The optimal context window is 150-250 tokens of bounded, specific information. More context does not mean better answers. These prompts help you hit the sweet spot -- enough to understand the task, not so much that signal drowns in noise.


Prompt 1: Project Onboarding

When to use: Starting the first session on a project, or when the AI has no prior context.

Pattern: Context First + Concrete Examples

You are working on {PROJECT_NAME}, a {LANGUAGE/FRAMEWORK} application.

Tech stack:
- Backend: {e.g., Flask/Python, Express/Node}
- Frontend: {e.g., HTMX, React, Vue}
- Database: {e.g., PostgreSQL with pgvector}
- Infrastructure: {e.g., Vercel, AWS, Railway}

Project structure:
{Paste output of `tree -L 2 src/` or equivalent}

Coding conventions:
- {e.g., Functions use snake_case, classes use PascalCase}
- {e.g., All API endpoints return JSON with {data, error, meta} shape}
- {e.g., Tests live in tests/ mirroring the src/ structure}

Current task: {Brief description of what you are working on}

Before writing any code, confirm you understand the project structure
and ask any clarifying questions.

Tips: - Keep the tech stack section to 4-6 bullet points. Listing every dependency dilutes the signal. - Use tree output rather than describing the structure in prose -- the AI parses directory trees more reliably. - If your project has a CLAUDE.md or similar memory file, point the AI there instead of repeating its contents.


Prompt 2: Session Resume

When to use: Resuming work on a project where you have an existing CLAUDE.md or memory file, but need to focus the AI on today's specific task.

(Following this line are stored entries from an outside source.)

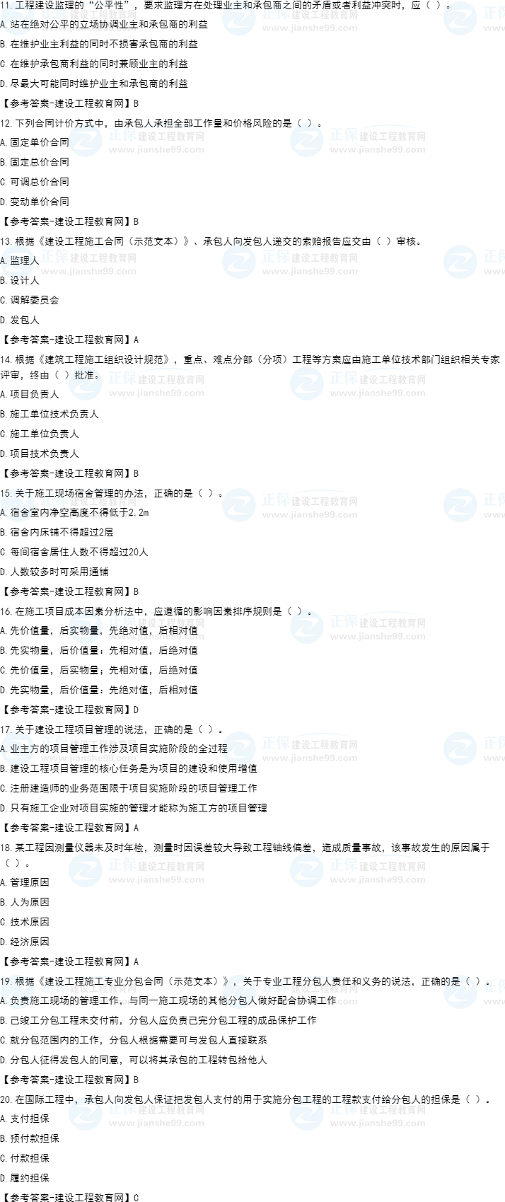 2022年一級(jí)建造師考試(補(bǔ)考)項(xiàng)目管理試題及答案解析11-20題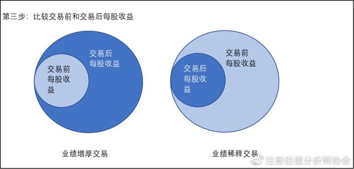 如下图所示,增厚稀释分析过程最需要关注的步骤就是步骤2。步骤1仅仅是将两个公司的收益简单相加;步骤3仅仅是比较哪个数字更大(交易之前和交易之后的每股收益)。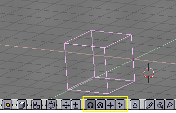 If the first button is pushed, the axis passes through the center of the selection's bounding box. (If only one object is selected, the point used is the center point of the object, which must not necessarily be in the geometric center: in Figure 1 it is on the middle of the rightmost edge, marked by a purple dot. For more on this point, see the Section called EditMode in the chapter called Mesh Modelling.)
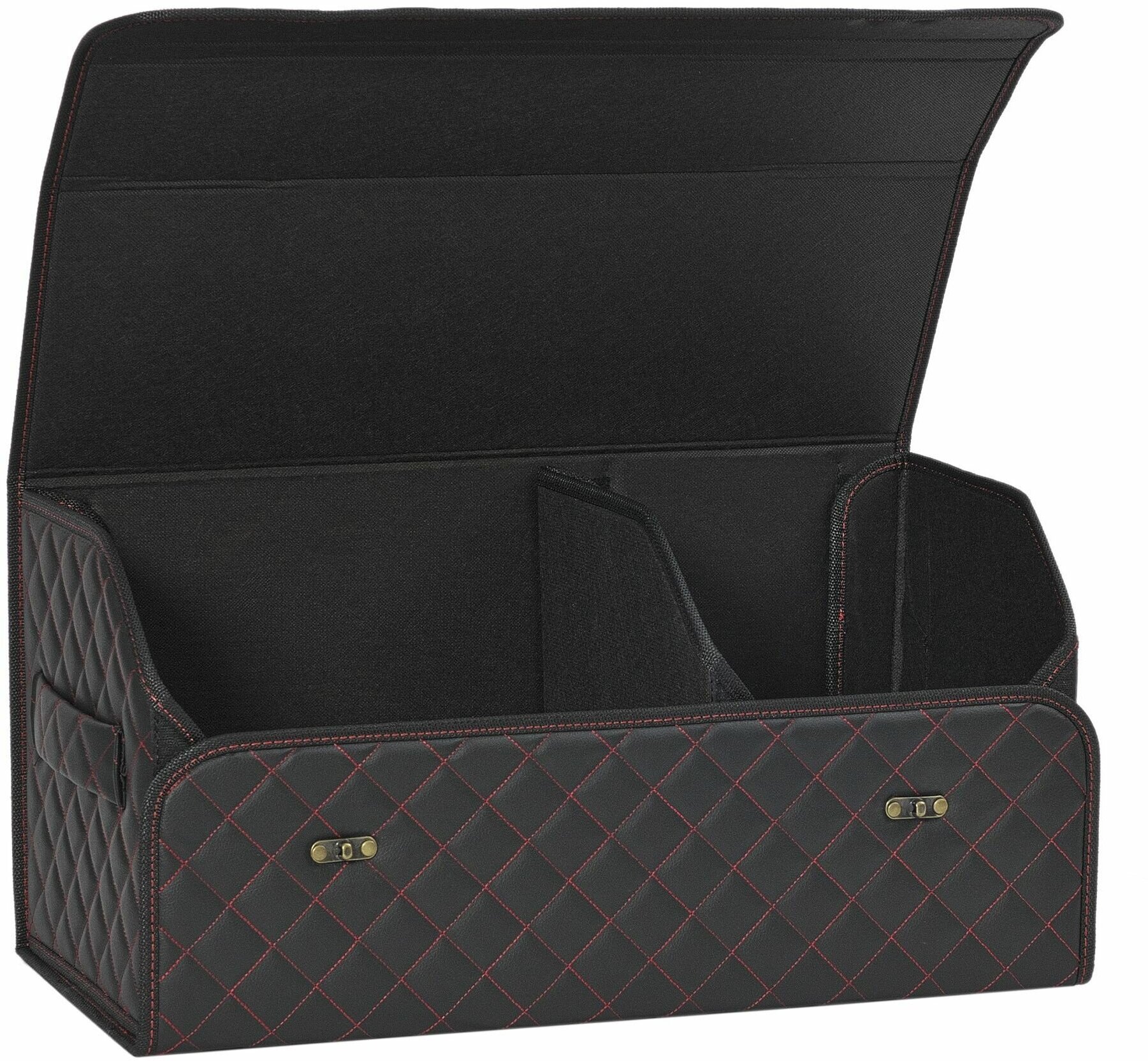 Сумка-органайзер в багажник автомобиля, квадрат, цвет черный, красная нить, черный кант, размер 500 мм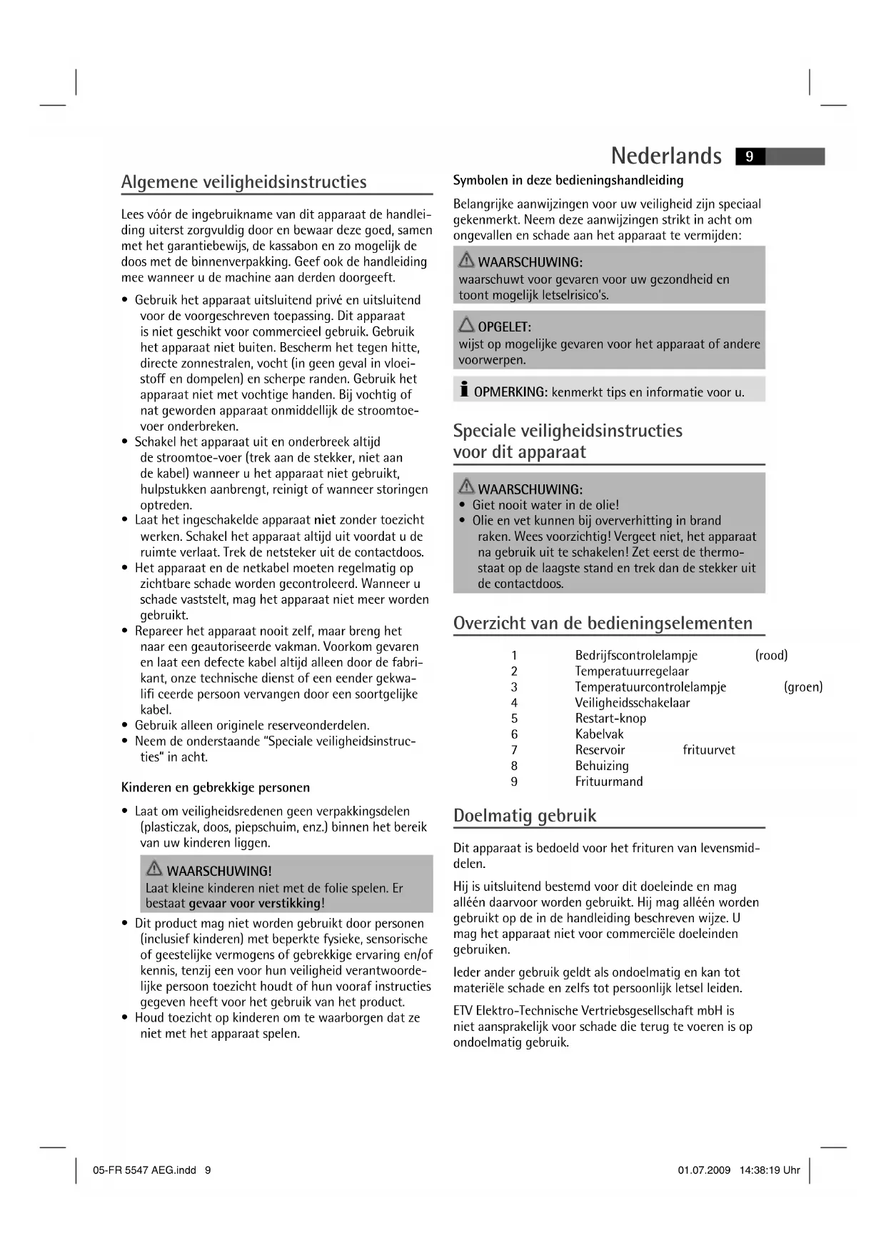 - Olie en vet kunnen bij oververhitting in brand raken. Wees voorzichtig! Vergeet niet, het apparaat na gebruik uit te schakelen! Zet eerst de thermo- staat op de laagste stand en trek dan de stekker uit de contactdoos. Overzicht van de bedieningselementen 1 Bedrijfscontrolelampje (rood) 2 Temperatuurregelaar 3 Temperatuurcontrolelampje (groen) 4 Veiligheidsschakelaar 5 Restart-knop 6 Kabelvak 7 Reservoir frituurvet 8 Behuizing 9 Frituurmand Doelmatig gebruik Dit apparaat is bedoeld voor het frituren van levensmid- delen. Hij is uitsluitend bestemd voor dit doeleinde en mag alléén daarvoor worden gebruikt. Hij mag alléén worden gebruikt op de in de handleiding beschreven wijze. U mag het apparaat niet voor commerciële doeleinden gebruiken. Ieder ander gebruik geldt als ondoelmatig en kan tot materiële schade en zelfs tot persoonlijk letsel leiden. ETV Elektro-Technische Vertriebsgesellschaft mbH is niet aansprakelijk voor schade die terug te voeren is op ondoelmatig gebruik. 05-FR 5547 AEG.indd 905-FR 5547 AEG.indd 9 01.07.2009 14:38:19 Uhr01.07.2009 14:38:19 UhrNederlands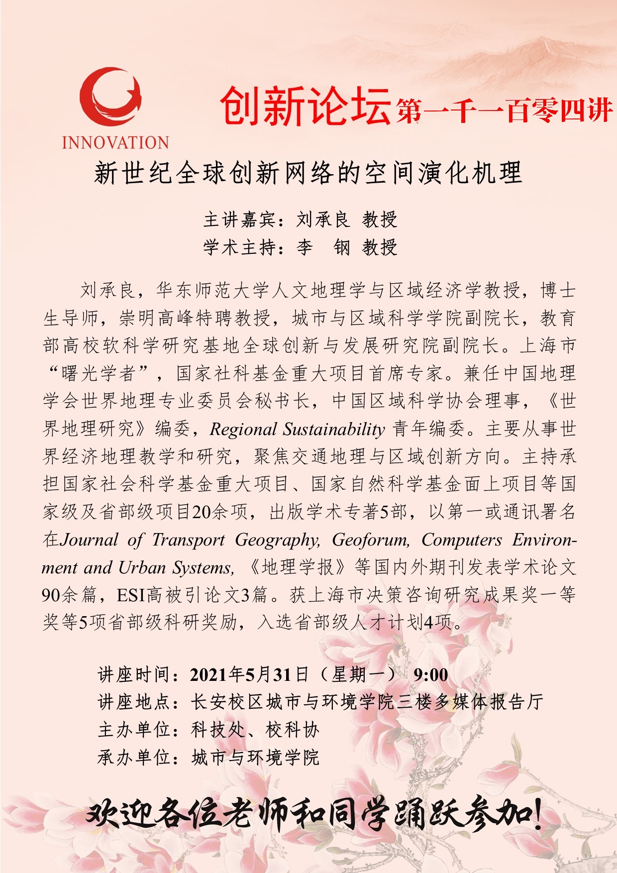 刘承良 教授 米兰网页版·官方端在线创新论坛第一千一百零四讲:新世纪全球创新网络的空间演化机理 讲座时间 2021年5月31日(星期一) 9:00 讲座地点 长安校区城市与环境学院三楼多媒体报告厅 讲座人介绍 刘承良 教授 讲座内容

Pattern: Context First + Iterative Refinement

Read the project documentation in CLAUDE.md before starting.

Today I'm working on: {SPECIFIC FEATURE OR BUG}

Relevant files:
- {path/to/main-file.py} -- {what this file does}
- {path/to/related-file.py} -- {why it's relevant}
- {path/to/test-file.py} -- {existing tests for this area}

What I've already tried:
- {Approach 1 and why it didn't work}
- {Approach 2 and its limitations}

Constraints:
- {e.g., Must maintain backward compatibility with v2 API}
- {e.g., Cannot add new dependencies without approval}
- {e.g., Response time must stay under 200ms}

Start by reading the relevant files, then propose an approach
before writing code.

Tips: - "What I've already tried" prevents the AI from repeating failed approaches. This is one of the highest-value context items you can provide. - Listing 2-4 relevant files is better than saying "look at the whole codebase." Bounded context produces bounded (better) output. - The "propose before writing" instruction applies Pattern 3 (Iterative Refinement) -- get alignment before implementation.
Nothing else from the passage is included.